◆ Exercise objective ◆
Extract, exactly as written, each line from the start of the records below to the line containing "Crocus tommasinianus ‘Ruby", both ends included; drop the pictures.
:: The data ::
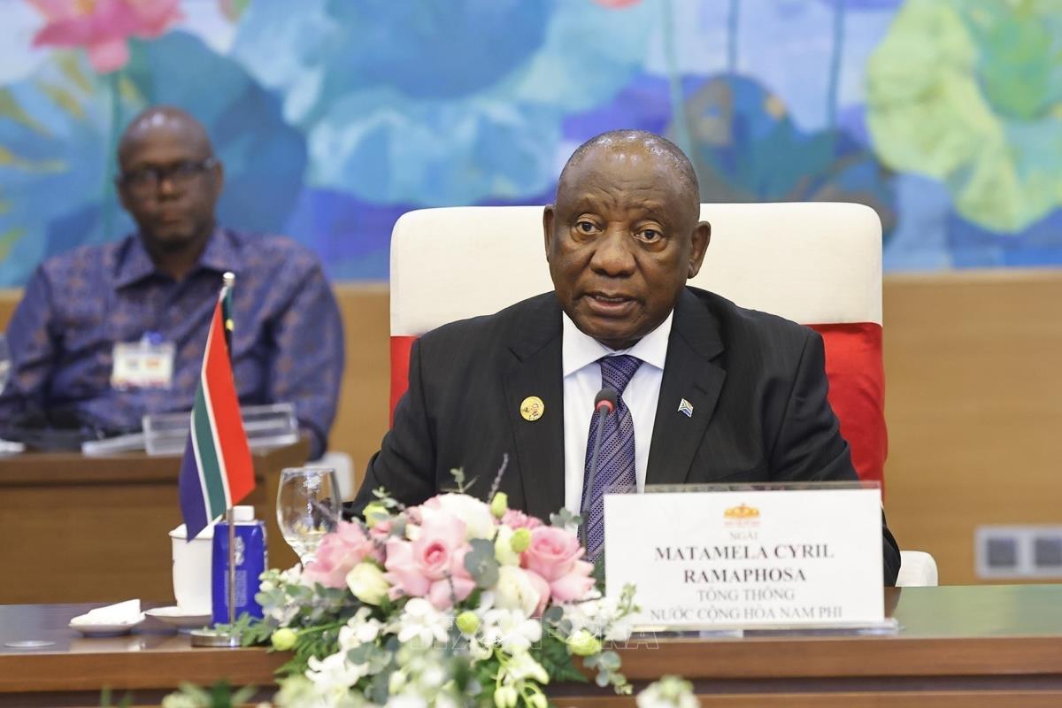 Tổng thống Cộng hòa Nam Phi Matamela Cyril Ramaphosa phát biểu (24/10/2025). Ảnh: Doãn Tấn – TTXVN
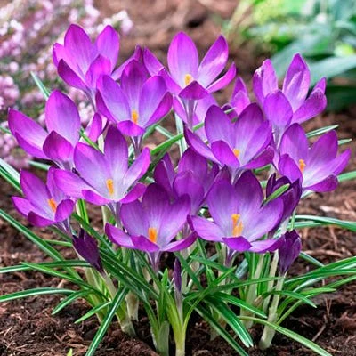 Crocus tommasinianus ‘Ruby Giant’ is a very vigorous and showy variety. You can’t go wrong planting this one among yellow flowered bulbs.
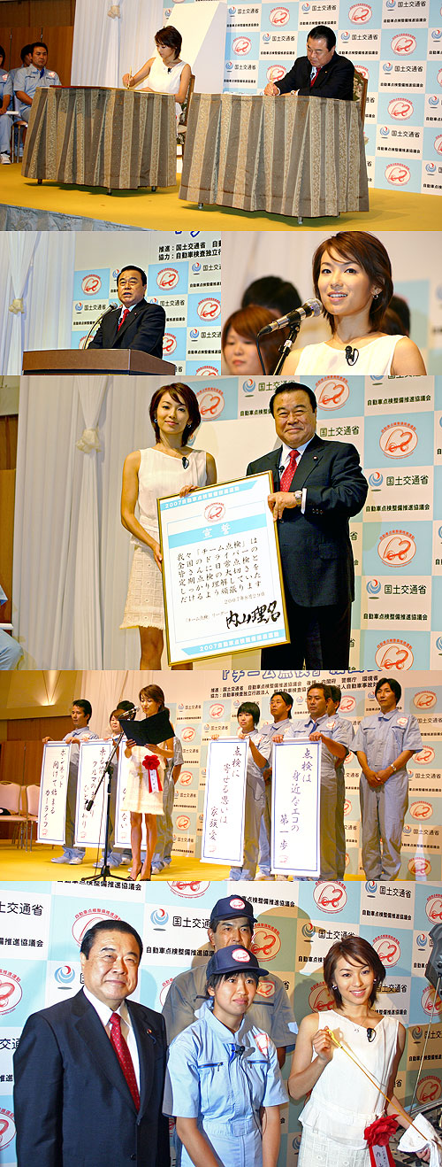 平成19年8月29日(水)、自動車点検整備推進運動強化月間に先立ち、虎ノ門パストラルホテル内において、一級自動車整備士等から構成される「自動車点検整備推進運動『チーム点検』結団式」が開催された。 結団式内で冬柴鐵三国土交通大臣から「チーム点検」リーダーに任命された女優の内山理名さんは、大臣に決意表明を行い、内山さんがサインをした宣誓パネルを大臣に手渡した。 内山さんによって「点検推進川柳」が発表され、その後、点検講座として「チーム点検」メンバーである自動車整備士の指導の下、エンジンルームの点検デモンストレーションが行われ、内山理名さんは日頃の点検整備の重要性について深い理解と関心を示していた。
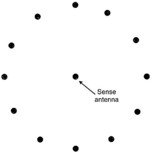 Robert Watson-Watt爵士在20世纪20年代开发的技术被广泛应用于价格适中的陆基机动DF系统。如图8.11所示,三个偶极子天线馈入三个独立接收机,两个端部天线(相距约\(1/4\)波长)的相干和与中央感应天线形成一个心形增益方向图,如图8.12所示。如果将两端天线绕感应天线旋转,旋转的心形方向图即可提供任意方位角信号的入射方向信息。在实际Watson-Watt系统中,天线布置如图8.13所示,外围天线的对置对依次切换到两个接收机中,以模拟旋转。天线数量越多,DF精度越高。但通过合理校准,即使只有四根天线也能提供可接受的结果。
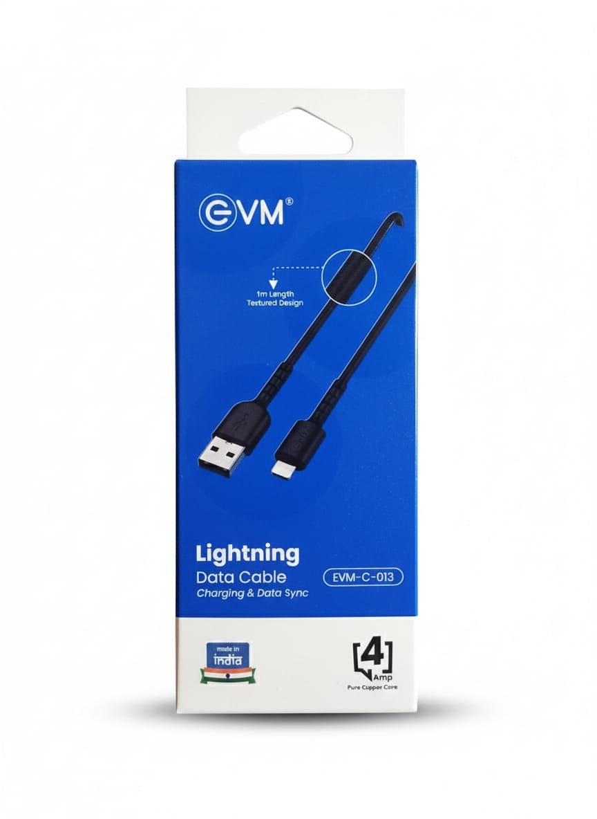 Featuring a USB to Lightning connector, it provides a secure connection for consistent charging and smooth data synchronization. Backed by a 1-year warranty and free delivery, the EVM Lightning Data Cable delivers dependable quality at an excellent value.
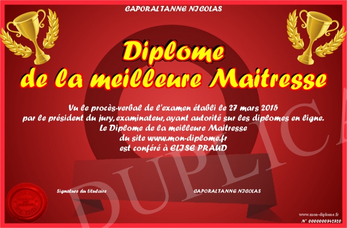 Envoyez par email votre Diplome de la meilleure Maitresse personalisé
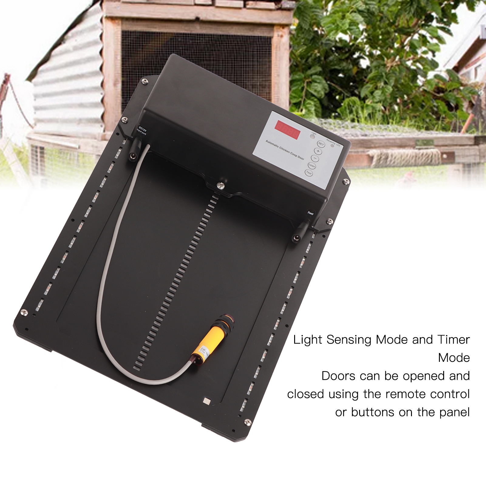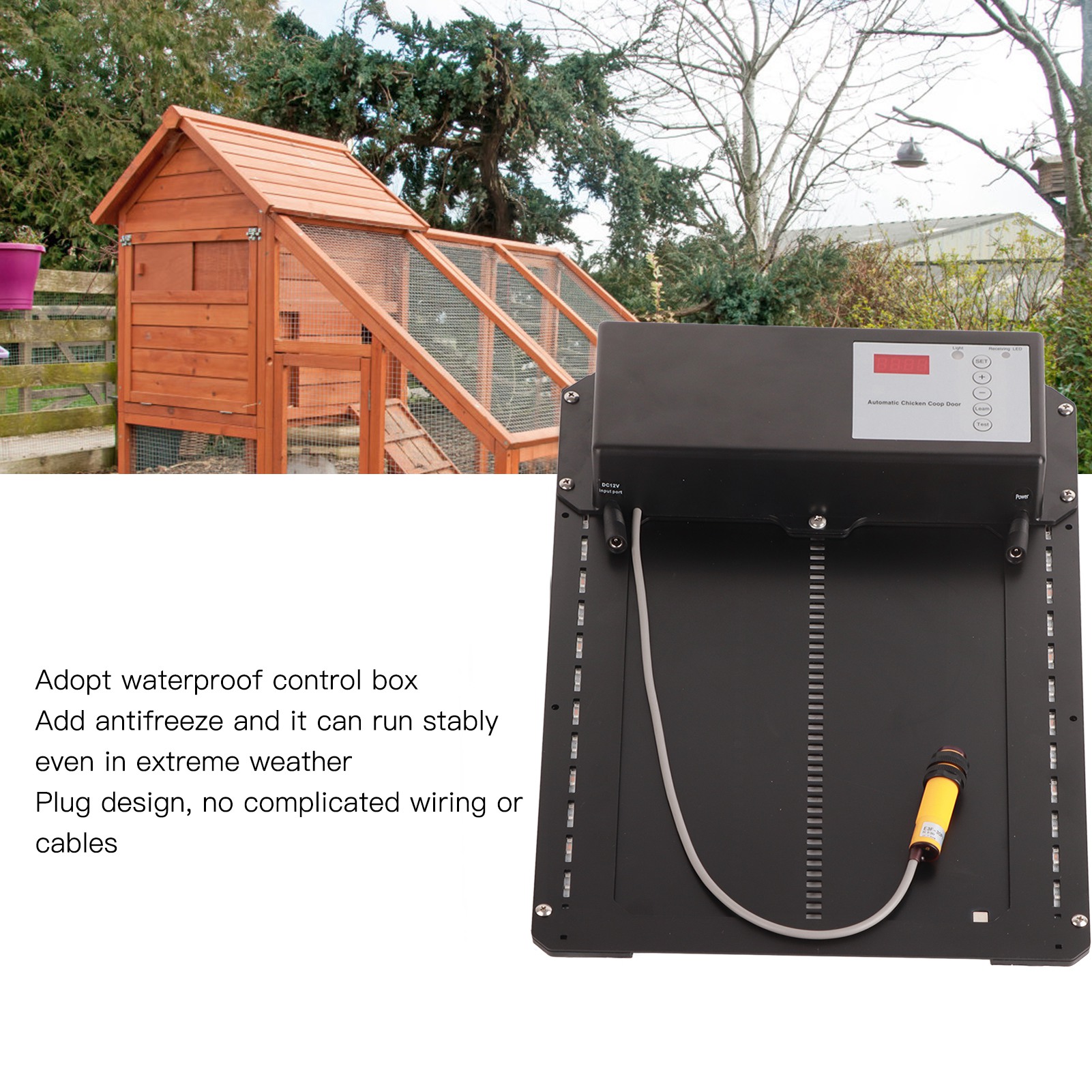 1、Weather Resistant: This automatic chicken coop door adopts a waterproof control box, and a premium electric motor with added antifreeze, it can run stably even in extreme weather. 2、Easy to Use: Plug design, no complicated wiring or cables, just install the coop door and plug in the adapter, and you can start to use. 3、Multiple Control Methods: In light sensing mode, the door will automatically open with dawn and close with sunset. In timer mode, the door will automatically open and close as you set it. You can also open and close the door using the remote control or buttons on the panel. 4、Good Performance: This automatic chicken cage door opener has IP44 waterproof grade, and the battery life can achieve 1 year after installation. Good performance and long service life. 5、Scope of Applications: Widely used on indoor and outdoor farms and ranches to accommodate chickens, ducks, geese and other livestock with good protection.
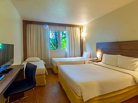 This 4-star hotel in Manaus, Amazonas provides spacious rooms with free internet access, as well as an outdoor swimming pool, a gym and tennis courts. Free parking is available. Rooms at the Novotel Manaus include a minibar, a safe and a private bathroom. The Manaus serves local and international cuisine at its restaurant. The hotel also offers 24-hour room service. Guests can relax at the outdoor swimming pool, which is surrounded by lounge chairs and a tropical garden. A pool bar serving refreshing drinks is also available. The Manaus also features a multilingual tour desk, where guests can arrange day trips.
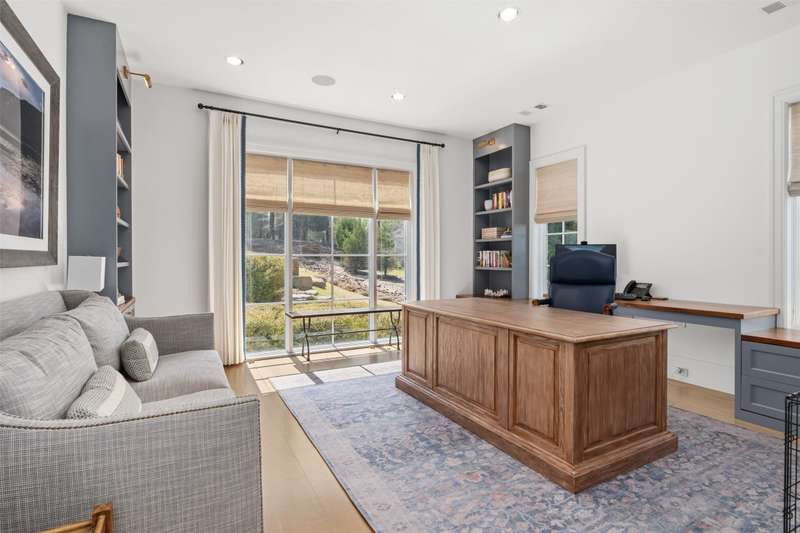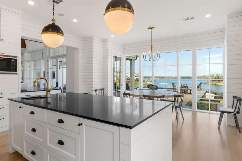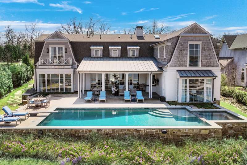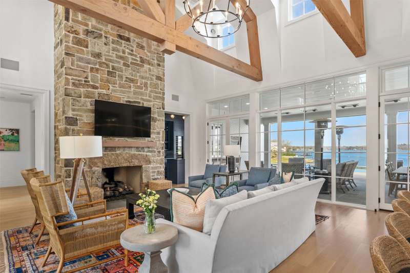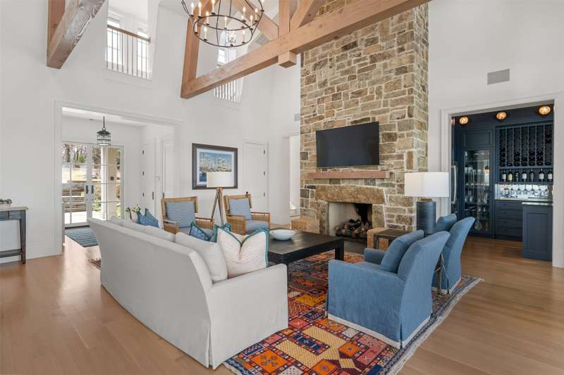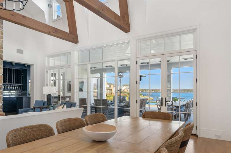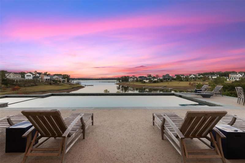 Nestled on just under an acre, this exceptional lakefront retreat in Long Cove is one of the developments most premier properties. Built by Tatum Brown Custom Homes and designed by SHM Architects, this rare find offers a thoughtfully designed floor plan ideal for entertaining. With five bedrooms, including two charming bunk rooms perfect for kids of all ages, theres ample space for family and guests to unwind. The spacious living area effortlessly connects to the dining room, breakfast room, and eat-in kitchen with seating for 12, as well as an indoor outdoor bar which is perfect for entertaining. Outside, the generous covered living and dining space offers a seamless transition to the stunning infinity pool, complete with a diving board and breathtaking open-water views. Located within the gates of Long Cove, residents enjoy world class amenities, including putting greens, two community pools, hiking and biking trails, tennis, pickleball, and more. **THIS HOME IS FULLY FURNISHED INCLUDING 2 GOLF CARTS** ensuring effortless enjoyment and the perfect setting for creating lasting memories.
:::
◆ Result ◆
 Tổng thống Cộng hòa Nam Phi Matamela Cyril Ramaphosa phát biểu (24/10/2025). Ảnh: Doãn Tấn – TTXVN
 Crocus tommasinianus ‘Ruby Giant’ is a very vigorous and showy variety. You can’t go wrong planting this one among yellow flowered bulbs.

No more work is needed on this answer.